Stored data
+ + + +
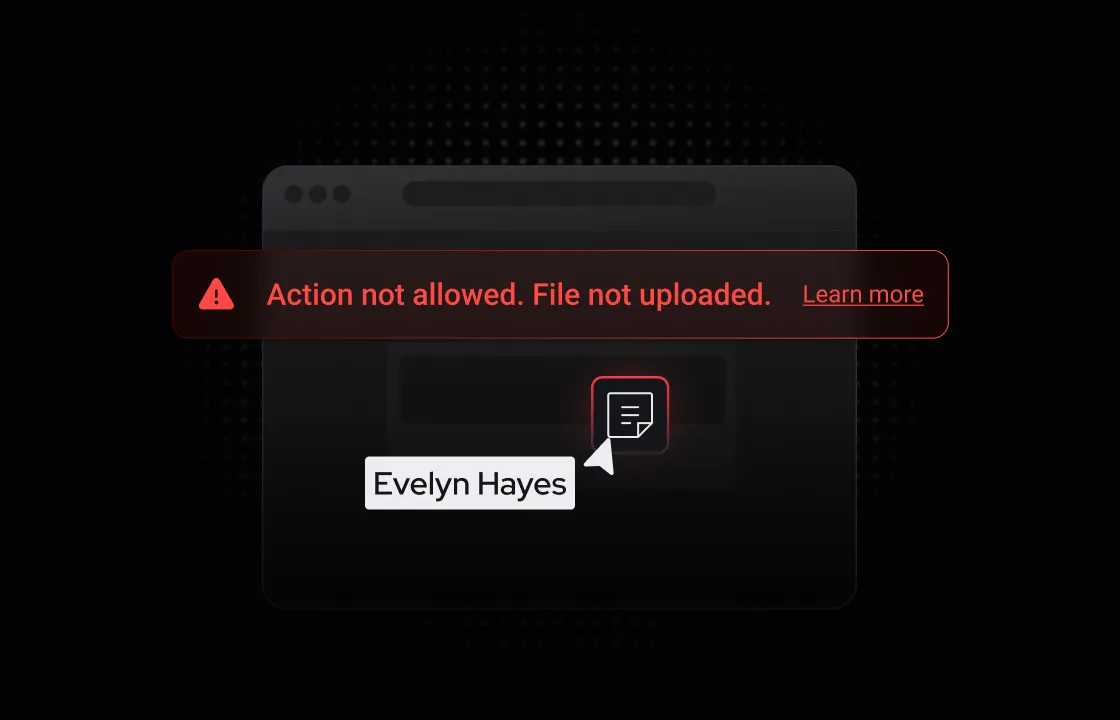 Enforcement happens at the point of action — the click, the paste, the upload. Not in a post-incident log review 24 hours later.
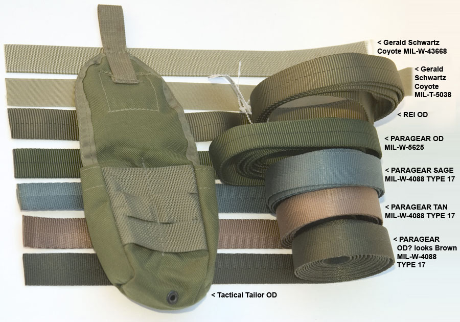 DIY Tactical webbing examples: They even carry the hard to find Ranger Green. Great place for small/medium webbing orders. <www.diytacticalstore.com>
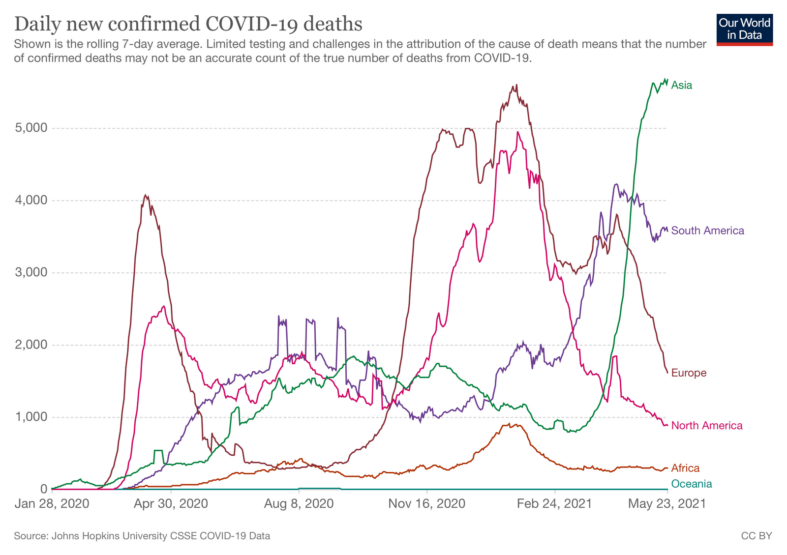 Дещо інша ситуація зі смертністю, крива якої зазвичай іде на спад повільніше, ніж крива виявлених випадків. Так, суттєву тенденцію до спаду показує крива смертності від коронавірусної інфекції у Європі, Північній Америці, стабільність спостерігається у регіоні Африки. Найвищою залишається щоденна фіксація смертельних випадків у Південній Америці та Азії. Серед країн Європи ріст смертельних випадків від коронавірусної інфекції впродовж останніх двох тижнів в порівняні із попередніми двома зафіксовано у Латвії та Росії.
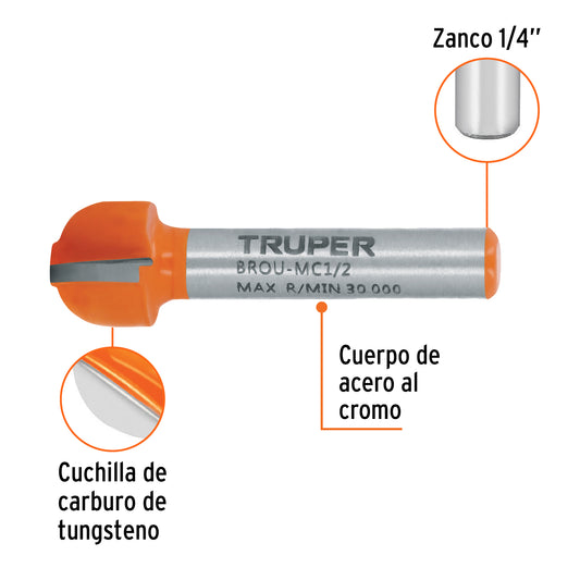Proveedor:TruperBroca para router, media caña, 1/2', Truper Caja con 3, 11462
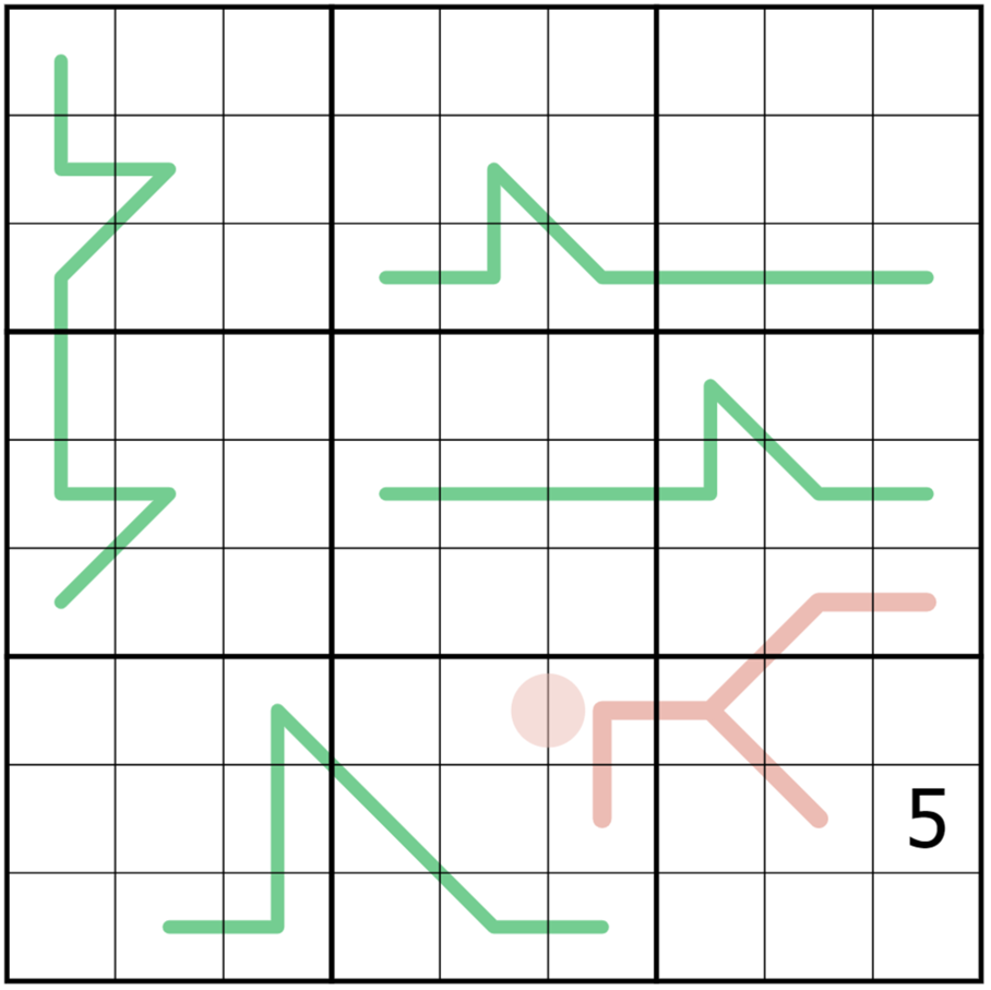 GERMAN WHISPER: Adjacent digits on lines must differ by 5 or more.
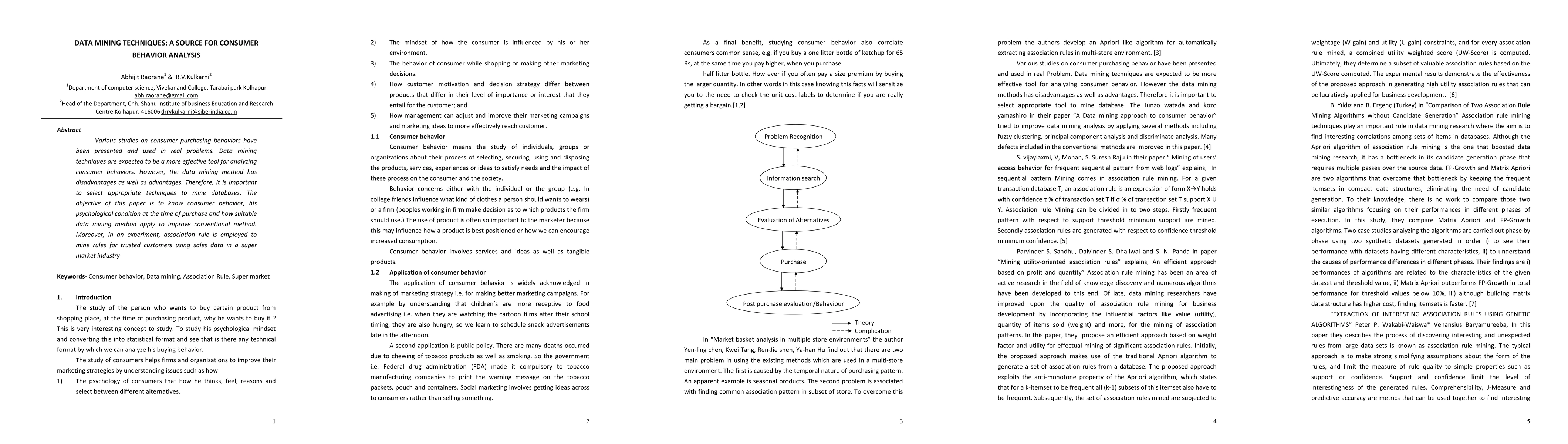 Various studies on consumer purchasing behaviors have been presented and used in real problems. Data mining techniques are expected to be a more effective tool for analyzing consumer behaviors. However, the data mining method has disadvantages as well as advantages. Therefore, it is important to select appropriate techniques to mine databases. The objective of this paper is to know consumer behavior, his psychological condition at the time of purchase and how suitable data mining method apply to improve conventional method. Moreover, in an experiment, association rule is employed to mine rules for trusted customers using sales data in a super market industry
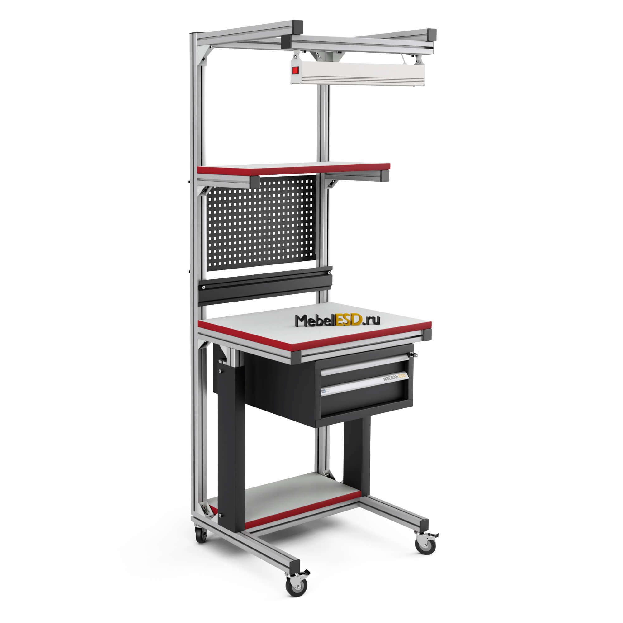 Стойка подкатная ремонтная из конструкционного профиля СР-КП является мобильным рабочим местом с возможностью перемещения оборудования и принадлежностей в рабочей зоне. Стойка оснащена: перфопанелью, инструментальной полкой с возможностью регулировки по высоте, нижней полкой, планкой для крепления лотков, подвесной металлической тумбой на 2 ящика, комплектом освещения светодиодным КОС-КП, четырьмя колесными опорами, две из которых с механизмом фиксации. Высота стойки — 1950 мм, ширина — 700 мм, глубина — 550 мм.
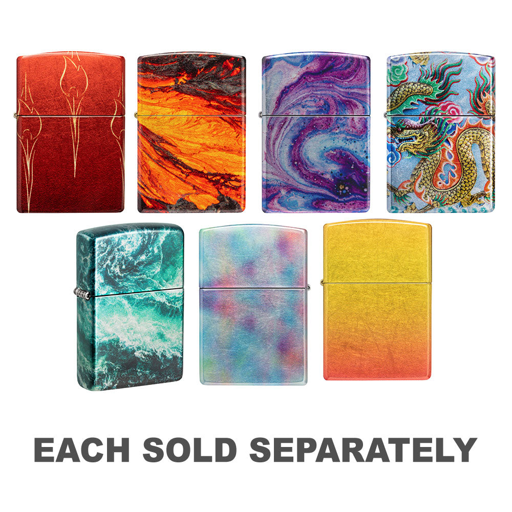 Zippo Dragon 540 Fusion Design Lost jest wykonany ze wszystkich metalowych konstrukcji, wiatroodporna konstrukcja działa praktycznie w dowolnym miejscu. Zupełnie nowa ewolucja dwóch naszych najbardziej poszukiwanych metod nadruku. Świecące metalowe elementy i eleganckie, półprzezroczyste palety kolorów, znak rozpoznawania procesu fuzji łączy siły z zastrzeżoną technologią 540 kolorów, aby otaczać zapalnice po wszystkich stronach dla płynnego, opalizującego i absolutnie oszałamiającego wyniku końcowego. Ten żywy smok design wiruje na czerwonym geometrycznym tle i jest uzupełnione logo wzdłuż jednej strony.
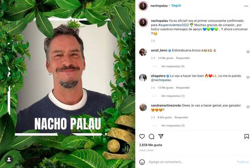 En medio de la batalla legal que libra por la custodia de los cuatro hijos que comparte con Miguel Bosé, el artista Nacho Palau participará en el "reality show" "Supervivientes". La noticia fue dada a conocer por la cadena que emite este concurso, Telecinco, y después fue confirmada por Palau en sus redes sociales.
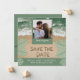 Thème de plage moderne avec vert sauge et teal, photo, date à sauvegarder en lettres de sable et photo personnalisée. REMARQUE : texte, police, couleurs et éléments sont entièrement personnalisables avec l'outil de conception.
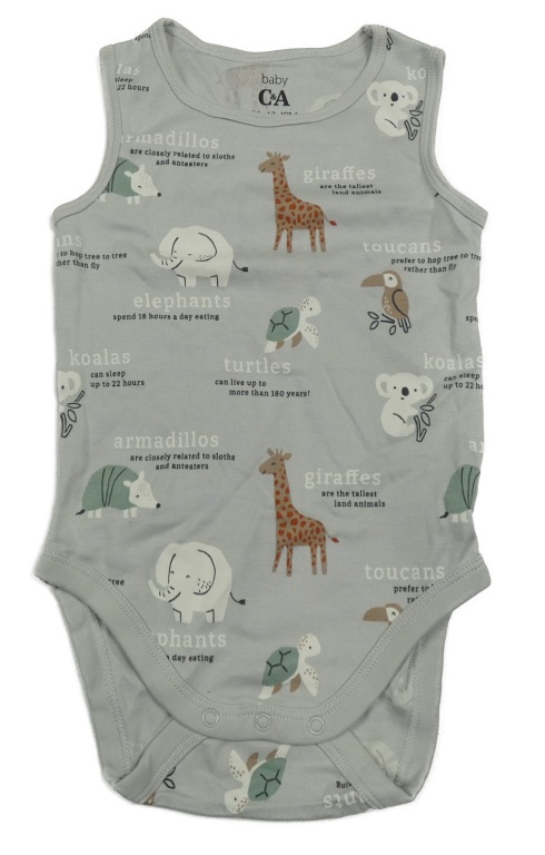 Svetlosivé tílkové body so zvieratkami a nápismi C&A
+ + + +
Your objective
Output the lines of the data exactly, starting at the first and ending with the line that has "GERMAN WHISPER: Adjacent". Pictures are not part of it.

Exercise solution
 Enforcement happens at the point of action — the click, the paste, the upload. Not in a post-incident log review 24 hours later.
 DIY Tactical webbing examples: They even carry the hard to find Ranger Green. Great place for small/medium webbing orders. <www.diytacticalstore.com>
 Дещо інша ситуація зі смертністю, крива якої зазвичай іде на спад повільніше, ніж крива виявлених випадків. Так, суттєву тенденцію до спаду показує крива смертності від коронавірусної інфекції у Європі, Північній Америці, стабільність спостерігається у регіоні Африки. Найвищою залишається щоденна фіксація смертельних випадків у Південній Америці та Азії. Серед країн Європи ріст смертельних випадків від коронавірусної інфекції впродовж останніх двох тижнів в порівняні із попередніми двома зафіксовано у Латвії та Росії.
Proveedor:TruperBroca para router, media caña, 1/2', Truper Caja con 3, 11462
 GERMAN WHISPER: Adjacent digits on lines must differ by 5 or more.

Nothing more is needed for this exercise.